To curb volatility, the RBI first injected dollars into the market. This helped to some extent. On Monday, it took steps to raise short-term interest rates for banks on additional daily borrowing, besides capping the daily normal borrowing at Rs 75,000 crore. There was concern that these measures would result in higher interest rates on retail and corporate loans .
However, Singh said: “These steps are not meant to signal an increase in the long-term interest rates. They are designed to contain speculative pressure on the currency.” Banks have already clarified that they will not raise rates. The Finance Minister also spoke on similar lines. Yet, there is some nervousness in the market.

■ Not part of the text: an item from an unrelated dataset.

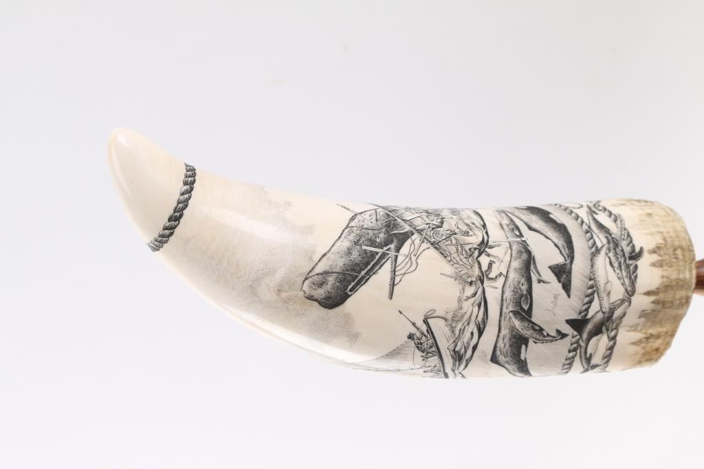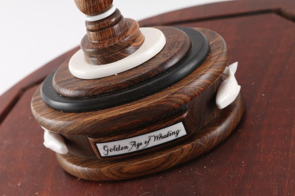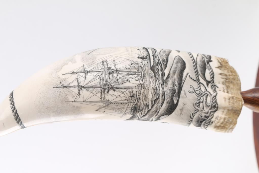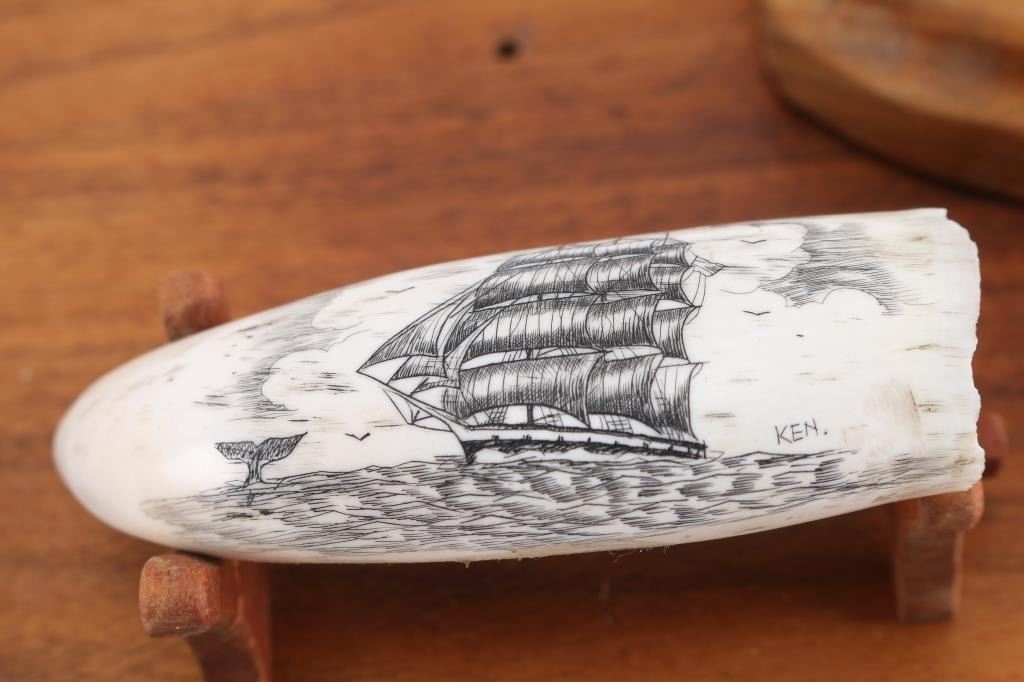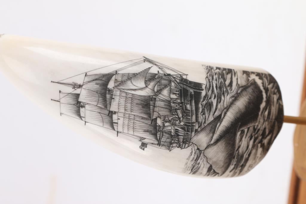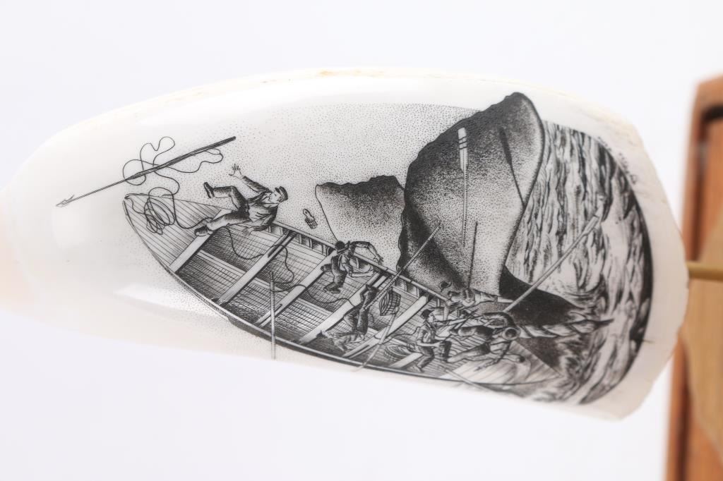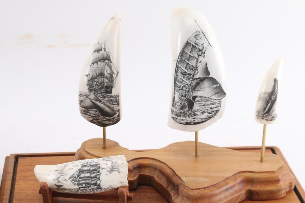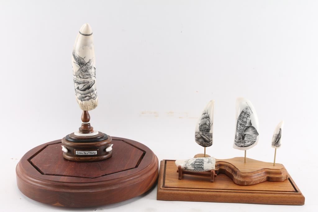 Decorated with sailboats and whales, unsigned. In fancy wood and plexiglass display. One tooth measures 8 1/2". Entitled The Golden Age of Whaling. Plus four others in glass display. One reads American Whale Ship Bark.

The Prime Minister felt that the sharp depreciation in the rupee was perhaps exacerbated by the high current account deficit, which touched 4.7 per cent in 2012-13. Singh expects this deficit to be much lower in 2013-14 compared with last year. “It will decline further next year. We will use all policy instruments available — fiscal, monetary and supply side interventions - to ensure that the current account deficit declines further over time,” he said. The Prime Minister also expressed optimism on the medium-term prospects of economic growth.

The way ahead

“The fundamentals of our economy are sound and healthy. We have been taking all possible measures to correct imbalances on the macro front,” he said.
Although, he preferred not to make any growth forecast for 2013-14, he said, “The IMF has recently reduced its earlier projection of growth rates for all countries, including India, for 2013. We had targeted 6.5 per cent growth at the time the Budget was presented. But it looks as if it will be lower than that.”